--- Supplied material ---
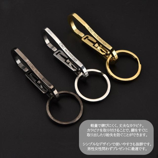 カラビナ キーホルダー 60mm [チタン風] ステンレス おしゃれ かわいい 軽量 高強度 アウトドア 山 キーチェーン 金具 車 家 鍵 送料無料
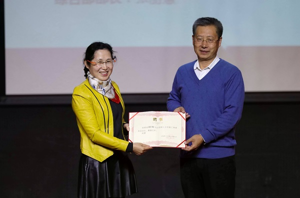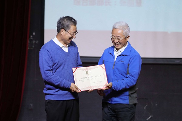 冯振业主席为名誉会长卢中昌教授颁发证书(名誉会长张德祥教授临时有事缺席),老会长为郑玲老师颁发新任会长聘书。
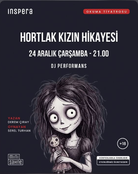 Bodrum’un yeni nesil kültür ve sanat merkezi Inspera, 24 Aralık Çarşamba akşamı sıra dışı bir etkinliğe ev sahipliği yapmaya hazırlanıyor. Yazar Derem Çıray’ın kaleminden çıkan ve geniş yankı uyandıran “Hortlak Kızın Hikayesi”, okuma tiyatrosu formatıyla Mini Sahne’de sanatseverlerle buluşacak.
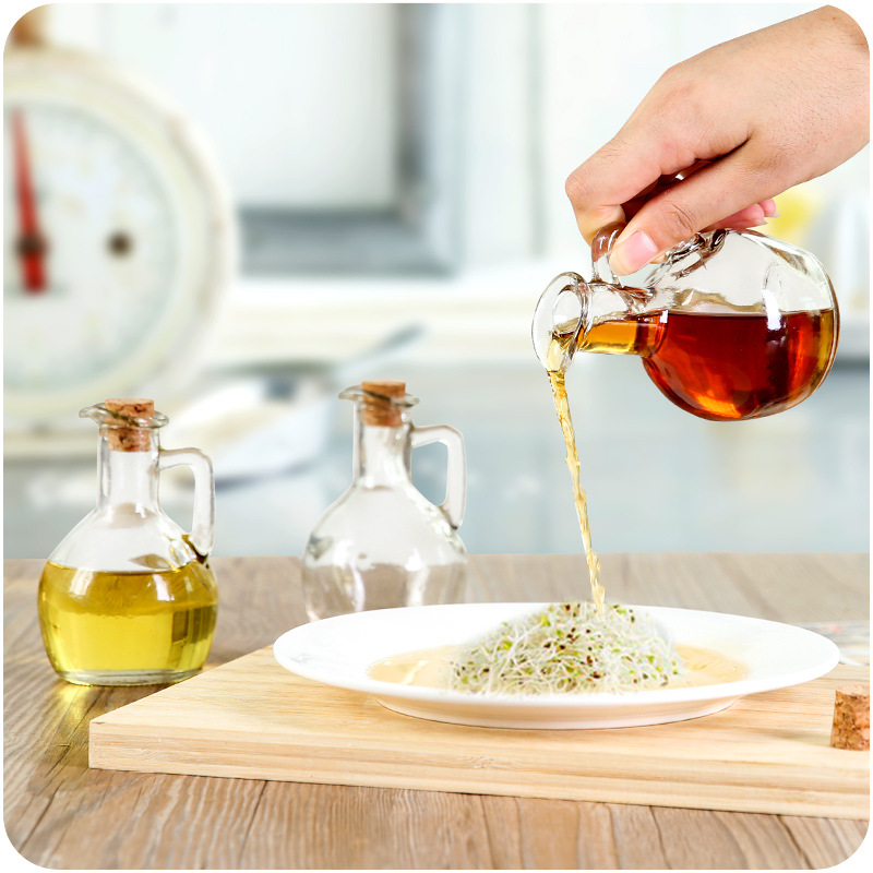鴨嘴玻璃小油壺廚房醬油醋壺居家飯店防漏帶木塞帶把手加厚調料瓶
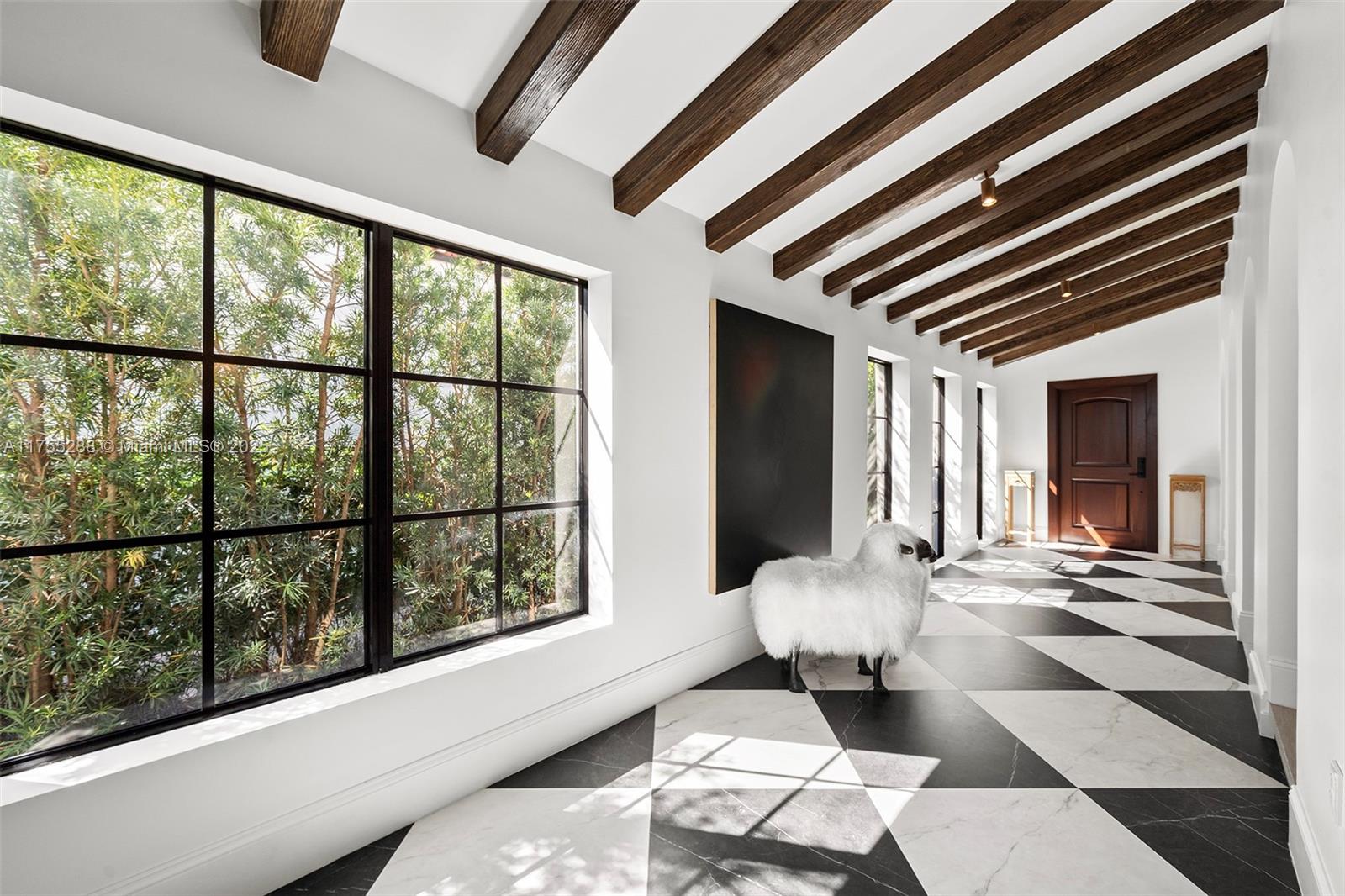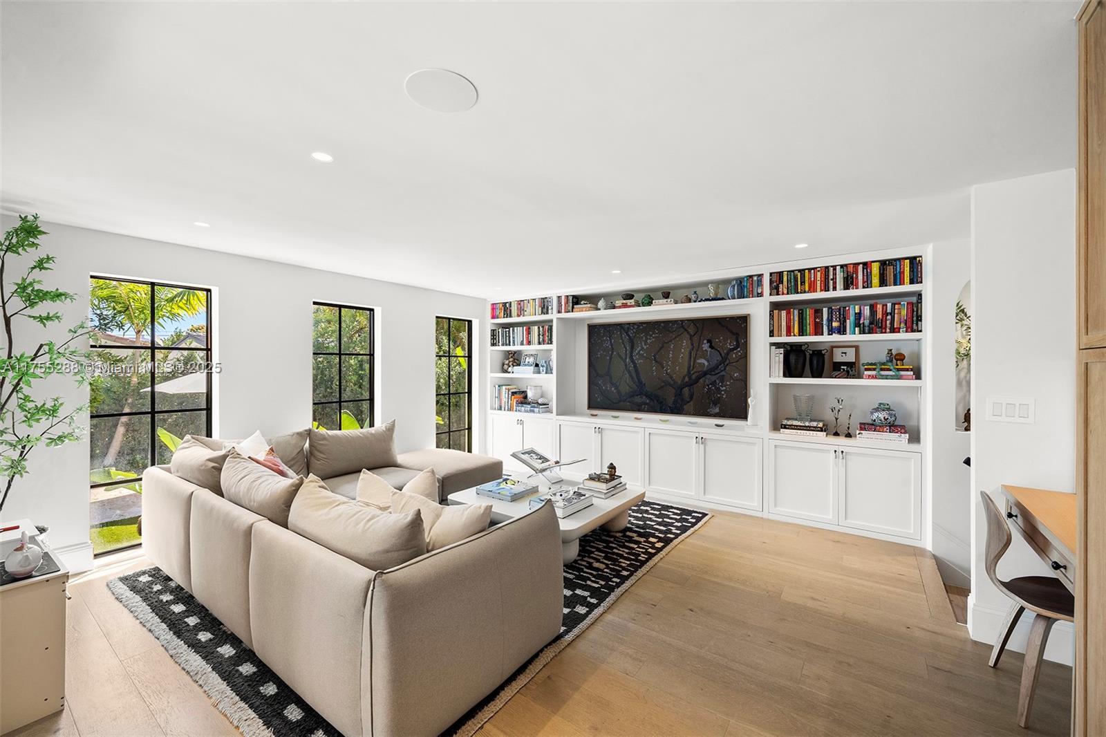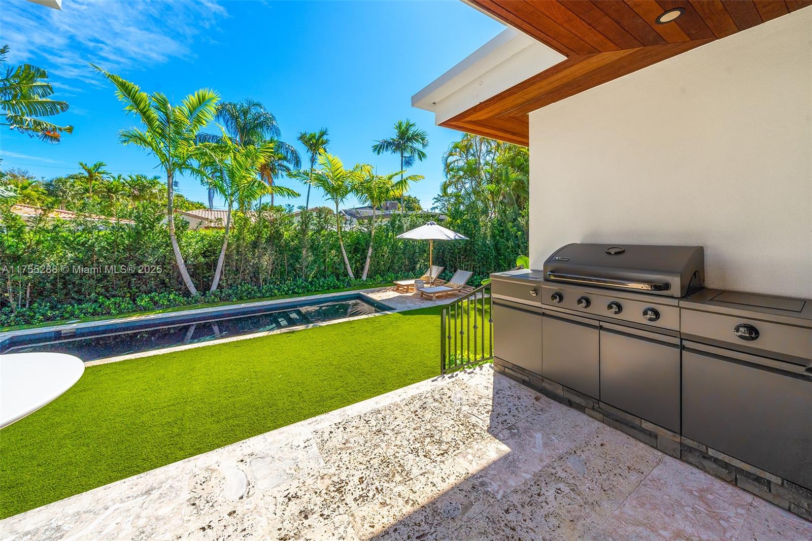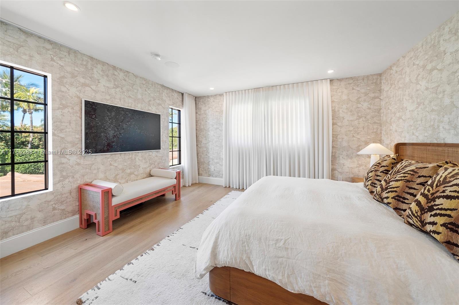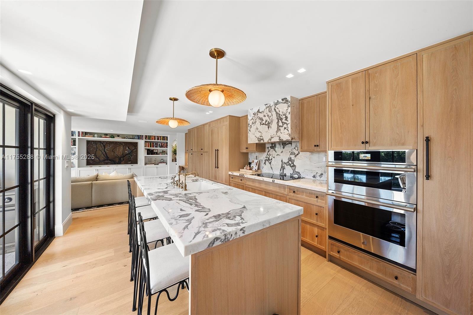 This spacious, fully remodeled two-story home blends modern elegance with high-end finishes. Filled with natural light, it features 3 bedrooms, 3 updated bathrooms, hardwood floors, porcelain tile in the hallway, terrazzo tile in the nursery bathroom, and Florida shellstone in the master bathroom. Redone in 2023 with new electrical, HVAC, plumbing, pool, and flat roof. Luxury touches include Italian doors, Ralph Lauren curtains, Sonos sound, and a marble kitchen island. The quartzite kitchen flows into the dining area, overlooking a fruit tree garden. French doors open to a deck & backyard with a pool and barbecue. Features security cameras, impact windows, landscape lighting, artificial turf & sprinkler system. Near the beach, Bal Harbour & A-rated Bay Harbor Schools.
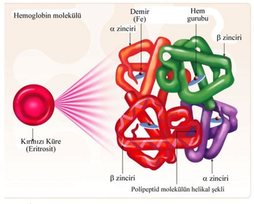 Hemoglobin ise, kan hücreleri olan eritrositlerin (alyuvar) yapısında bulunan, hem ve globulin’den oluşan kana kırmızı rengi veren bir pigmenttir. Hemoglobin’in en önemli görevi solunum organından dokulara oksijen, dokulardan solunum organına ise karbondioksit taşımaktır. (Hemoglobin; akciğer kapillerinden aldığı oksijeni dokulara, dokulardan aldığı karbondioksiti akciğerlere taşır.) Başlıca sentez yeri eritrosit üretimi sırasında kemik iliğidir. Yaş, cinsiyet ve türe göre küçük farklılıklarla da olsa kanda belli bir değerin altında bulunmasına Anemi, yüksek miktarda bulunmasına ise Polisitemi denir.
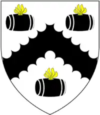 | Incledon: Argent, a chevron engrailed between three tuns sable fire issuing from the bung hole proper (canting arms from Latin incend(ere), "to kindle, set fire to, burn",[48] hence incendiary, etc., + tun). For Henry Incledon (1671-1736) of Buckland House, Braunton, a son-in-law of John Davie, and elder brother of Robert Incledon (1676-1758), the latter who as Mayor of Barnstaple supervised the construction of the building and whose arms are shown on the east side of the parapet. Their mother was a grand-daughter of Francis Fane, 1st Earl of Westmorland (1580-1629) and a niece of Rachel Fane, wife of Henry Bourchier, 5th Earl of Bath (1587-1654), of Tawstock Court, the leading Royalist in Devon during the Civil War. The ancient building known as the "Three Tuns" survives on the west side of the High Street.[10] The family was one of the oldest in Devon, first recorded in 1160 as resident at the manor of Incledon,[49] in the parish of Braunton, still owned today, with Buckland, by their descendant via various female lines. | ||||
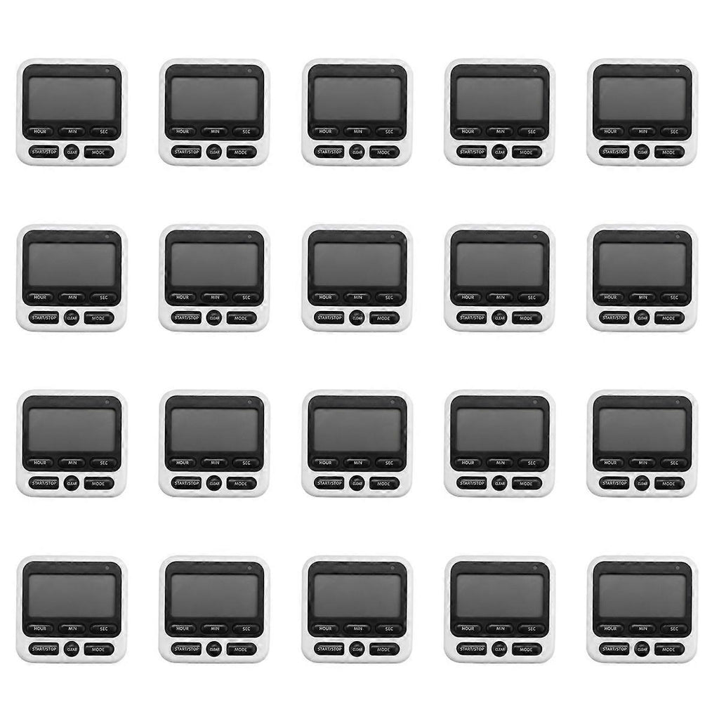 timer, alarm clock and clock, as a timer for cooking, bathing, sports, homework, debate or games. Also, as an (alarm clock), suitable for office, bedroom, study, living room. HOUR button to set the hour. the MIN button to set the minutes. the START / STOP button to start / stop. the MODE button to change the timer or clock. the Clear button to reset the cooking timer, you can just the mode button to change the mode, easy to use. Meet your different needs. The large lcd display, large and clear numbers user-friendly for people with blurry vision or the elderly. The countdown and countdown timer functions meet different occasions. The Liquid Crystal Display and Loud Audible Alert: To show the stopwatch digits more clearly, the minutes and seconds both be shown with large digits. Easy to read. Buzzer mode with 70-90dB beep sound lets you hear the alarm in another room, no worry about overcooking.It is very safe to use our kitchen timer. Time setting: the MODE button to enter clock mode. the SEC button to set the second. the MIN button to set the minutes. the HOUR button to set the hour. Countdown Function: the MODE button to enter timer mode. the CLEAR button to return to zero. the SEC / MIN / HOUR button to set the hour. the START / STOP button to start the countdown. the START / STOP button again to stop the timer. the CLEAR button to return to zero. Counting function: the MODE button to enter timer mode. the START / STOP button to start the timer. the START / STOP button again to stop the timer. the CLEAR button to return to zero. Note: 1 AA battery is required, not included colour: Black Material: ABS size: 80 x 80 x 22mm Package Contents: 20 x timer Only the above package content, other products are not included. Note: Light reflection and different displays may cause the color of the item in the picture a little different from the real thing. The measurement allowed error is +/- 1-3cm.
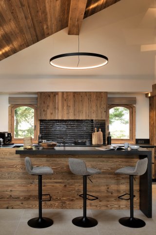 Le souhait des clients est de s’approprier pleinement les lieux sans dénaturer le chalet existant. Le travail de l’homogénéisation des différents bois intérieurs complété par le choix de matériaux avec une identité forte lient ce chalet authentique et la touche contemporaine insufflée par les clients.
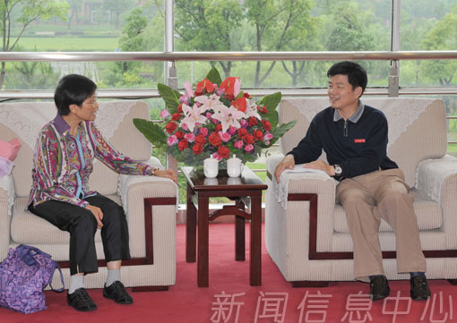 颁奖开始前,赵明及有关职能部门负责人在知行楼第一接待室会见了严崔常敏女士一行。
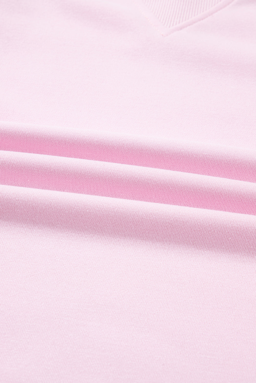 Pink Plus Size Mix Floral Patched Sleeve Ribbed Trim Baggy Sweatshirt
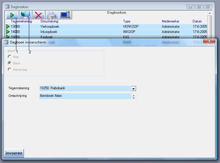 maakt u een nieuw dagboek (plaatje 1). Wanneer u op de regel van een bankboek
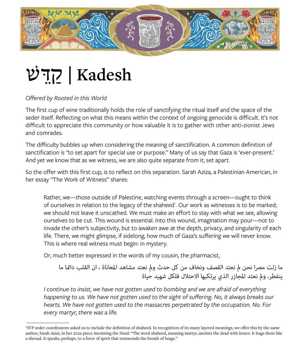 3) Kadesh gives a sense of where we’re going. Every element of a traditional Seder is changed to focus on Gaza, to the exclusion of anything else. Few Jews are quoted, many Palestinians are. You might think, reading this, that the Seder is a Palestinian concept, not a Jewish one.
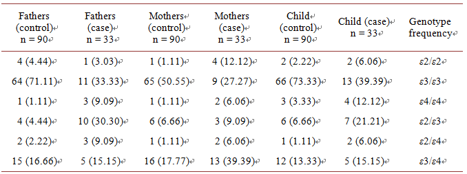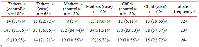 Table 4. Genotype distributions of 112 codon APOE gene for case and the control group.
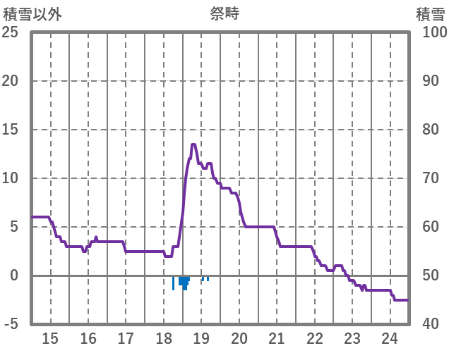 | 日 | 時 | 気温 | 降水 | 風向/風速 | 日照 | 積雪 | 降雪 |
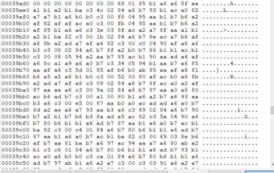 当obfuscate设置为true时,能混淆dll的导入表、区段名等信息,使得根据导入表匹配的规则失效,0x00039ad8开始是被混淆的导入表:
---
Exercise brief: Pictures are to be left out, and the lines from the beginning of the records through the line with "鴨嘴玻璃小油壺廚房醬油醋壺居家飯店防漏帶木塞帶把手加厚調料瓶" are to be printed exactly, with nothing added.

Response:
 カラビナ キーホルダー 60mm [チタン風] ステンレス おしゃれ かわいい 軽量 高強度 アウトドア 山 キーチェーン 金具 車 家 鍵 送料無料
 冯振业主席为名誉会长卢中昌教授颁发证书(名誉会长张德祥教授临时有事缺席),老会长为郑玲老师颁发新任会长聘书。
 Bodrum’un yeni nesil kültür ve sanat merkezi Inspera, 24 Aralık Çarşamba akşamı sıra dışı bir etkinliğe ev sahipliği yapmaya hazırlanıyor. Yazar Derem Çıray’ın kaleminden çıkan ve geniş yankı uyandıran “Hortlak Kızın Hikayesi”, okuma tiyatrosu formatıyla Mini Sahne’de sanatseverlerle buluşacak.
鴨嘴玻璃小油壺廚房醬油醋壺居家飯店防漏帶木塞帶把手加厚調料瓶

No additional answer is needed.